She also develops a romantic relationship with another mortal to wield Thor's power, Eric Masterson. Despite this, Sif risks her life to travel to the realm of Mephisto to free what seems to be the soul of Thor from a mystical bag, pledging her loyalty to the demonic entity. She is manipulated into a new costume change and is sent to face down Eric and Balder in battle, who had willingly followed her, worried for the success of her mission. Eric and Sif eventually part realms as friends, but he leaves her with a favored leather jacket.

===Thor's reign===
When Thor assumes the throne of Asgard following Odin's death, he becomes torn between his duties as king and his desire to keep mortals from harm. Thor resolves this by bringing Asgard to Earth and reshaping the world in his image. Though his intentions are noble, a nightmarish future follows as Thor's reign on Earth becomes tyrannical. Sif, unwilling to go along with this new vision, is exiled from Asgard. Thor eventually marries the Enchantress and has a son, Magni. As an adult seeking understanding of these events, Magni finds Sif, who influences him to rise up against his father even though she still loves him. Following Magni's death in a battle involving Thor, Thor Girl and Desak, Thor sees the error of his ways and travels back in time to undo what he has done.

After the timeline is reset, Loki brings about Ragnarök in Asgard, during which the godly forces swiftly lose ground. Sif survives the first wave of losses but loses an arm. She is rescued by Brunnhilde, who is later killed by Durok the Demolisher. Sif honors Brunnhilde's death by taking her sword and leading the Valkyrior in the final battle. Sif falls in battle against Surtur's forces, dying side by side with Volstagg.

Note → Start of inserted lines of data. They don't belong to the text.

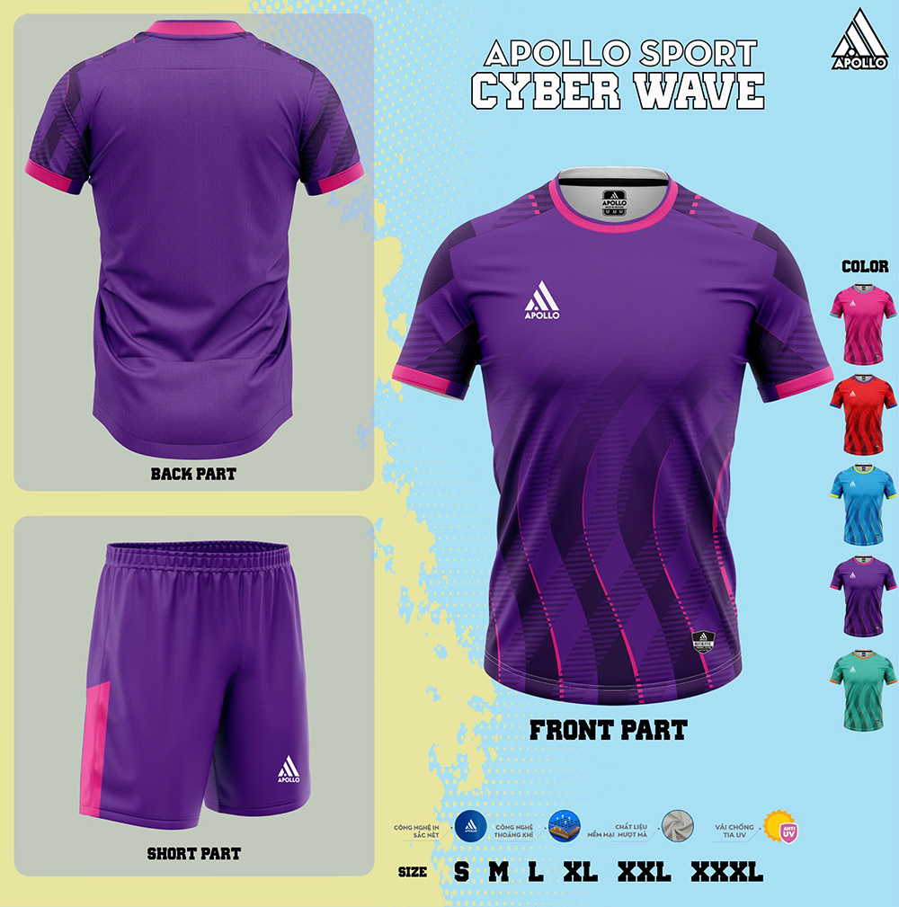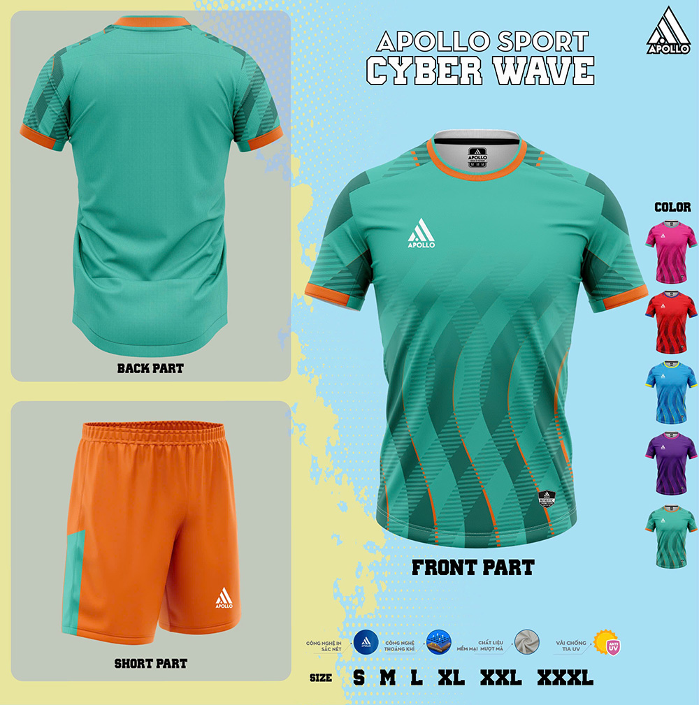 Cyber Wave là mẫu áo thể thao hỏa tốc thế hệ mới của Apollo Sport, được lấy cảm hứng từ những làn sóng năng lượng số và nhịp chuyển động không ngừng của thể thao hiện đại. Thiết kế mạnh mẽ, họa tiết chuyển động dứt khoát cùng chất liệu cao cấp giúp Cyber Wave trở thành lựa chọn lý tưởng cho luyện tập, thi đấu và các đội bóng phong trào yêu cầu cao về hiệu suất lẫn thẩm mỹ.
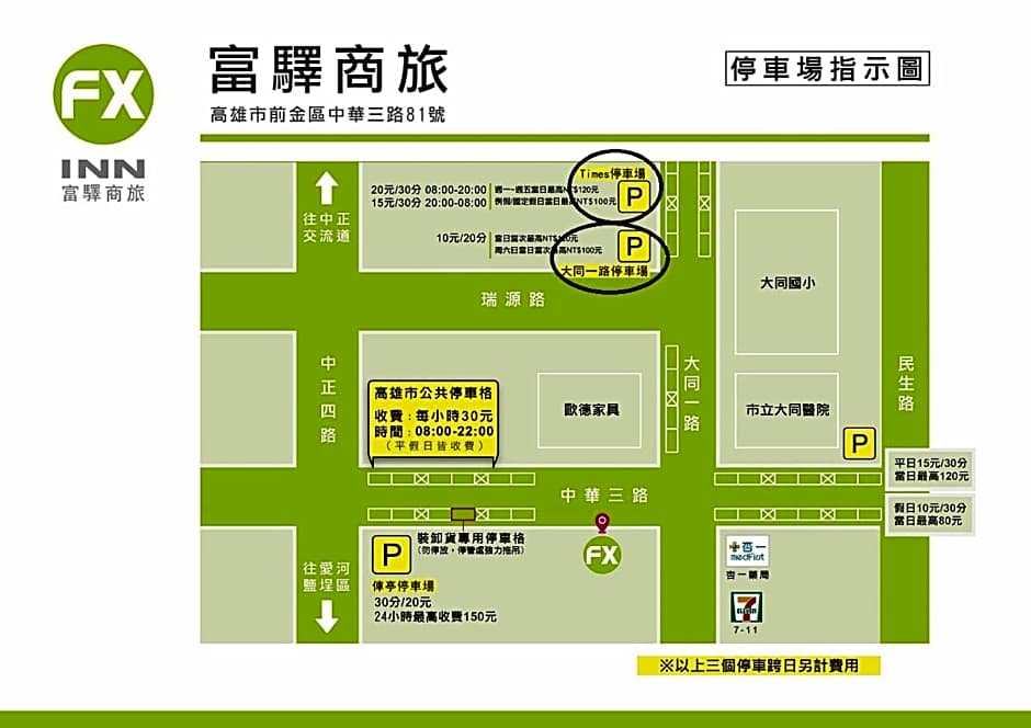 FX INN Kaohsiung Zhonghua Road Branch is a 4-star hotel in Kaohsiung, Taiwan, located about 1,3mi from the city center. The address is No. 81, Zhonghua 3rd Rd, and breakfast is offered on site. With 1,617 reviews, rates start from $35.
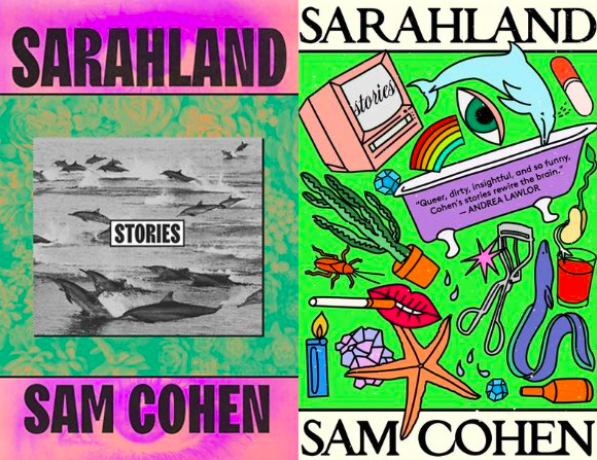 In Sarahland, Sam Cohen imagines the wildly different lives of a cast of characters who all share the name Sarah. The bright pink and green of the hardcover edition’s background is offset by the gravitas of the black-and-white photograph of dolphins leaping out of the water. In contrast, the paperback version’s colorful cartoon objects suggest the multiplicity of lives and narratives within the collection. Our readers voted for the fun and eye-catching paperback cover that taps into the collection’s playful nature.
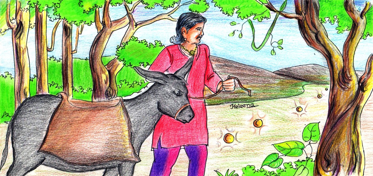 ఇంక చీకటి పడతా వుంది. ఆ అడవిలో దొంగలు చానా ఎక్కువ. వాళ్ల చేతికి చిక్కితే కష్టమే. అందుకని ధనయ్య మెల్లగా వెనక్కి తిరిగి ఇంటికి బైలుదేరినాడు. గాడిద ఆ బరువును మోయలేక, అడుగు తీసి అడుగు వేయసాగింది. ఇలాగే నత్తలాగా నెమ్మదిగా పోయారంటే చీకటి పడి, దొంగలకు దొరికిపోవడం ఖాయం!
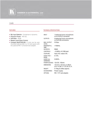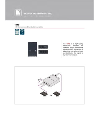 The 104B is a distribution amplifier that takes one microphone input via an XLR connector and distributes the balanced mono signal to four identical outputs through additional XLR connectors. It allows the user to select between condenser or dynamic microphones, provides 48V phantom power, and includes a master level control. The unit is compact and can be rack mounted with an optional adapter.
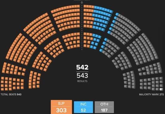 在印度,莫迪领导的印度人民党(BJP)获得了议会半数以上的席位(图片:ToI)
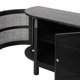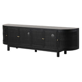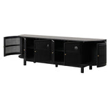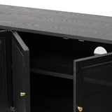 Features: Materials: ash wood frame, rattan panels, plywood shelves, metal handles Includes: 1 x entertainment unit Unique design with a striking blend of textures and finishes Offers spacious storage while elevating your living room with contemporary elegance A perfect statement piece for those seeking a sophisticated yet functional entertainment unit  WARNING Children have died from furniture toppling over Always secure your television with an anchor deviceNever allow children to stand, climb or hang on drawers, doors, or shelves

All of Asgard falls soon after.

===Reborn===
Thor returns in time and restores the Asgardian pantheon, beginning with Heimdall. After resurrecting the other gods, Donald Blake goes to a hospital to try to find the reborn Sif. After wrongly thinking that she was reborn in Donald Blake's former love Jane Foster, he leaves thinking that Sif won't come back. However, that scene reveals that Sif was reborn in an elderly woman in that hospital named Mrs. Chambers, who is suffering from what is thought to be terminal cancer. Loki has masked her from Thor's abilities, giving her a mirror that shows Sif her true form but prevents her from revealing her identity. Her host remains in the hospital, fighting for her life. Thor wondered what would happen to the spirit of an Asgardian if their host died.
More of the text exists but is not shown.